Tzuke signed with another small independent label for the release of her ninth album, Wonderland, which was released in September 1992 by Essential Records (a subsidiary of the now-defunct Castle Communications). Two singles from the album, "Wonderland" and "Fly", were performed on the BBC1 lunchtime programme Pebble Mill at One in November 1992, after Tzuke had performed a concert tour of smaller venues in October and November. Neither the album nor singles charted, despite featuring the talents of Brian May from Queen and Nigel Kennedy on violin. She stated in a later interview (used in the inner booklet of the 2002 reissue of the album) that Wonderland was the album she felt most proud of as a songwriter. August 1995 saw the release of two albums. The BBC issued its recording of Tzuke's "Radio 1 in Concert" performance from 1981, and Polygram issued a compilation album entitled Stay with Me till Dawn which drew on Tzuke's first three albums released on Rocket Records with tracks from the Turning Stones album on Polydor Records. The album included four single remixes which had not previously been available on CD.

1996-present

Tzuke released her tenth studio album, Under the Angels, in October 1996 on her own label, Big Moon Records. The album was previewed by two dates at London's Jazz Café, in August 1996 and in Dublin in October that year. Three tours to promote the album, playing at over 30 venues, took place in January/February, June and November 1997. Recordings from the tour culminated in another live album, Over the Moon (1997).

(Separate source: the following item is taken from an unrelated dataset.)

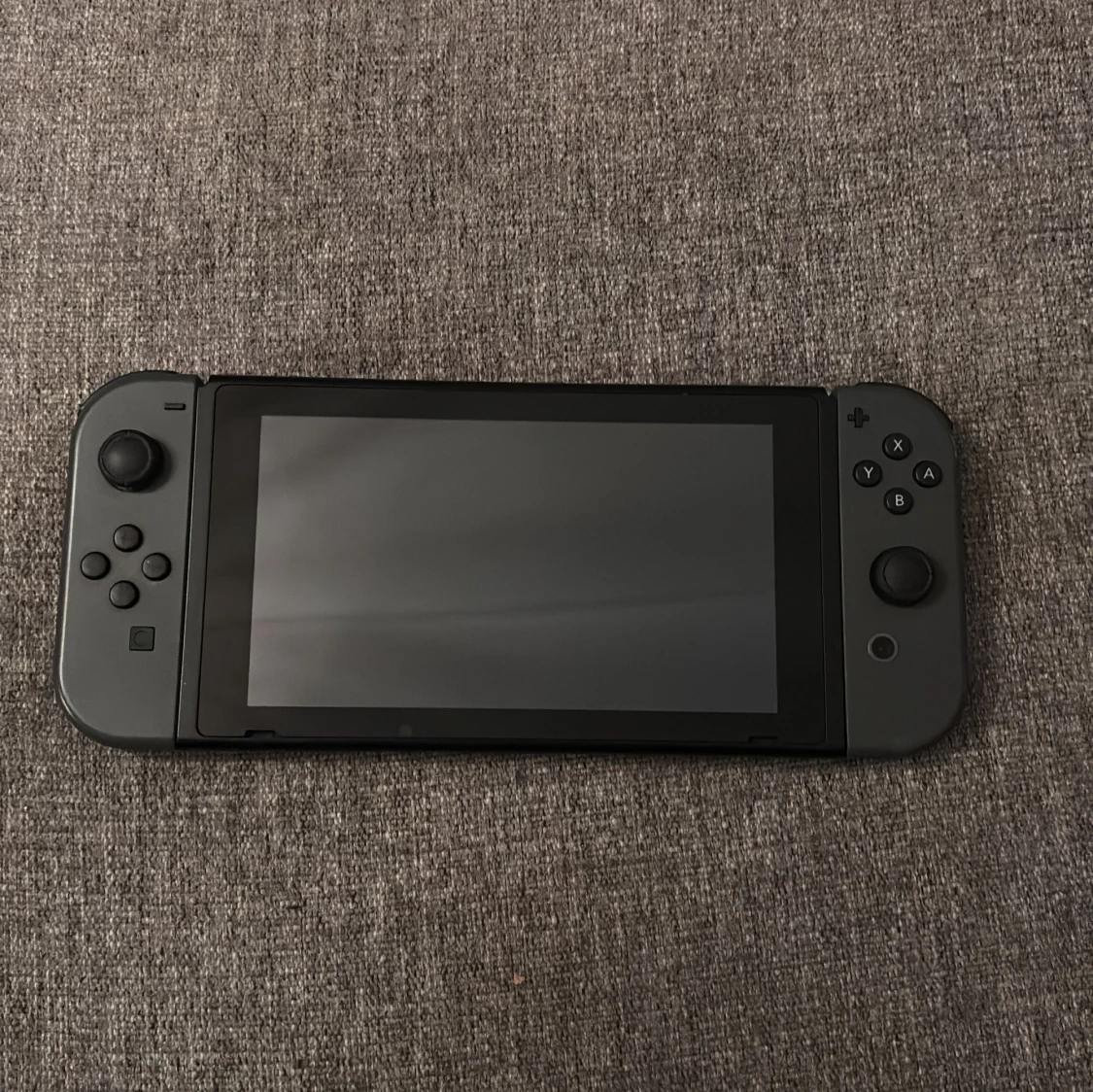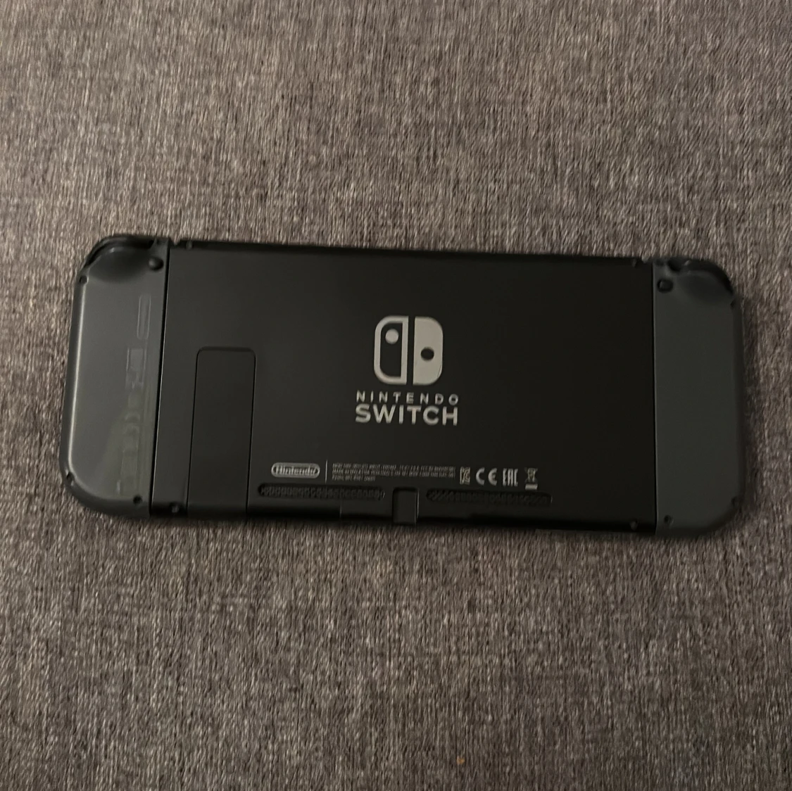 Säljer en Nintendo Switch med grå Joy-Con och tillhörande svart hårt fodral med röd Nintendo Switch-logga. Fodralet har plats för konsolen och extra spelkort. Perfekt för gaming hemma eller på resan. Kommer med Fifa 21 och Pokemon Let’s go Pikachu

In 1998, Tzuke released her eleventh studio album, Secret Agent, again on her own label, Big Moon. Bob Harris of BBC Radio 2 included one of the album's tracks, "Tonight", on his compilation CD Bob Harris Presents... (Vol.1). In 2000, Tzuke gained the rights to her first three albums recorded for Rocket Records and reissued them on CD via Big Moon. She named her tour later that year the "Phoenix Tour", a reference to her last Rocket Records album, I Am the Phoenix. Following this came a new live album, Six Days Before the Flood (2000), and a new studio album, Queen Secret Keeper (2001). Another live album, Drive Live, was released in 2002.

Tzuke then released an album of covers, The Beauty of Hindsight, in September 2003. A self-promoted tour in September ended with two nights at London's Bush Hall. Two dates in March 2004 were played at London's Cabot Hall in Canary Wharf as part of the Docklands Music Festival and the following night at Dartford's Mick Jagger Centre, previewing two new tracks—"Addiction" (never released but later part of the B.E.D.'s Ver. 1.0 and Ver. 1.5 albums with Tzuke on backing vocals) and "Before I Found My Heart".

In 2004, Tzuke release her thirteenth album, The End of the Beginning, which saw her returning to a much heavier rock style on many of the tracks and the use of strings for the first time since 1981. Most of the album was played as part of her tour in October of that year. 2002 Pop Idol runner-up Gareth Gates joined Tzuke on stage to sing backing vocals on the track "Bully". The pair were first introduced by Lucie Silvas who had previously been one of Tzuke's backing singers and had also written material for Gates. Silvas and Tzuke also co-wrote most of the songs for Silvas' platinum-selling 2004 album Breathe In and co-wrote four tracks for Silvas' 2006 album The Same Side. Tzuke also provided backing vocals.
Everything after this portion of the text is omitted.